TRY IT
Going line by line through the records below, write out everything starting with the line containing "2、随后选择关卡即可开始,进入后左侧摇杆控制移动,右侧的剑则是攻击。" and going on through the line containing "وَأخرج أَحْمد وَالتِّرْمِذِيّ", exactly and inclusively. Pictures do not go in.

*** Opening PROVIDED RECORDS ***

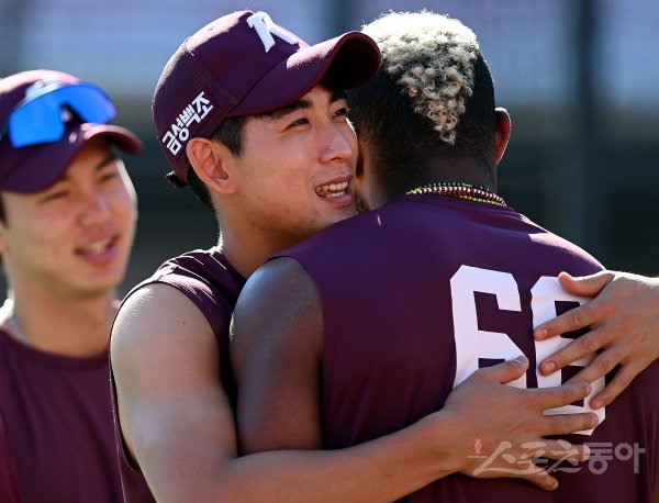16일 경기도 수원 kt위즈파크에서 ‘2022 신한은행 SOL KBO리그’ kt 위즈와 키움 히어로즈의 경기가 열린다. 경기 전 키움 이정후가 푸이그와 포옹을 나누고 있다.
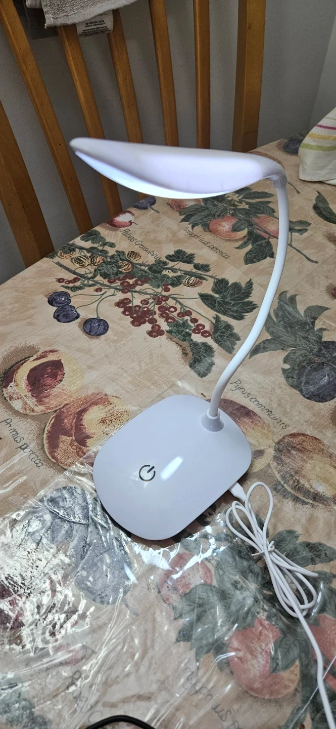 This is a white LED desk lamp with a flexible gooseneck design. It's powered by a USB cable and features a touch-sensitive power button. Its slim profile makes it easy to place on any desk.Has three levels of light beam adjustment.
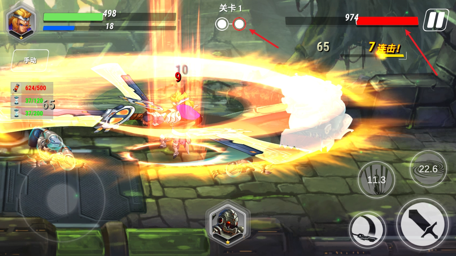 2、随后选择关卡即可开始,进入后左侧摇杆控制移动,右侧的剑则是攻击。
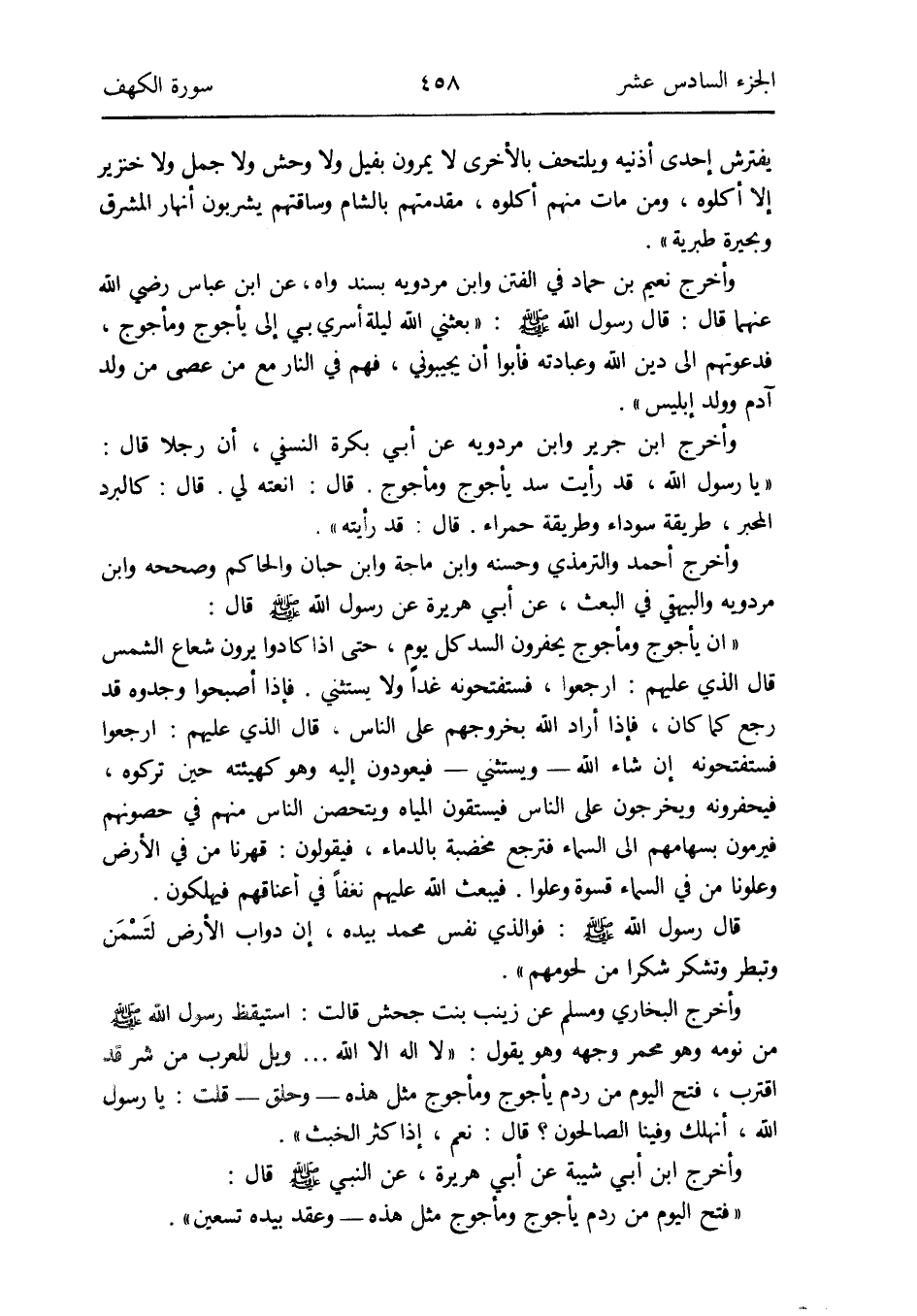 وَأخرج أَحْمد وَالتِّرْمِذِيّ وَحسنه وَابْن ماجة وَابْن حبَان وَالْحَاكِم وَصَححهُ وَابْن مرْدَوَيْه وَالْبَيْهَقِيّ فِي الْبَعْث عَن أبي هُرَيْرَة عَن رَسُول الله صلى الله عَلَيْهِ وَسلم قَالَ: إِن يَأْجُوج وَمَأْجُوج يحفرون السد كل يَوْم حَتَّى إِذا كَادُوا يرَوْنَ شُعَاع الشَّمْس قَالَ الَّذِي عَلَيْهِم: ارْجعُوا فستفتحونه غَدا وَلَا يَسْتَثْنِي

*** Closing PROVIDED RECORDS ***
*** Opening PROVIDED RECORDS ***

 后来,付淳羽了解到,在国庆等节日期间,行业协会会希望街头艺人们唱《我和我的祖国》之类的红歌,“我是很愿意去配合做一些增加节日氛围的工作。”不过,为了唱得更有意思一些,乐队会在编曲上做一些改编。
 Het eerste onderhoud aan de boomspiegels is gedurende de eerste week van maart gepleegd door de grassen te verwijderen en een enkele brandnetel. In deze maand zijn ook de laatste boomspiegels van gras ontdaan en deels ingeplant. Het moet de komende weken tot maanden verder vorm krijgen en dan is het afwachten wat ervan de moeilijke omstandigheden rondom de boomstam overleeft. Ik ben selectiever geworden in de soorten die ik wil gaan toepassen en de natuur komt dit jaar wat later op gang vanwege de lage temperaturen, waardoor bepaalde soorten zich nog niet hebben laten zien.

*** Closing PROVIDED RECORDS ***

RESULT OF THIS TASK
 2、随后选择关卡即可开始,进入后左侧摇杆控制移动,右侧的剑则是攻击。
 وَأخرج أَحْمد وَالتِّرْمِذِيّ وَحسنه وَابْن ماجة وَابْن حبَان وَالْحَاكِم وَصَححهُ وَابْن مرْدَوَيْه وَالْبَيْهَقِيّ فِي الْبَعْث عَن أبي هُرَيْرَة عَن رَسُول الله صلى الله عَلَيْهِ وَسلم قَالَ: إِن يَأْجُوج وَمَأْجُوج يحفرون السد كل يَوْم حَتَّى إِذا كَادُوا يرَوْنَ شُعَاع الشَّمْس قَالَ الَّذِي عَلَيْهِم: ارْجعُوا فستفتحونه غَدا وَلَا يَسْتَثْنِي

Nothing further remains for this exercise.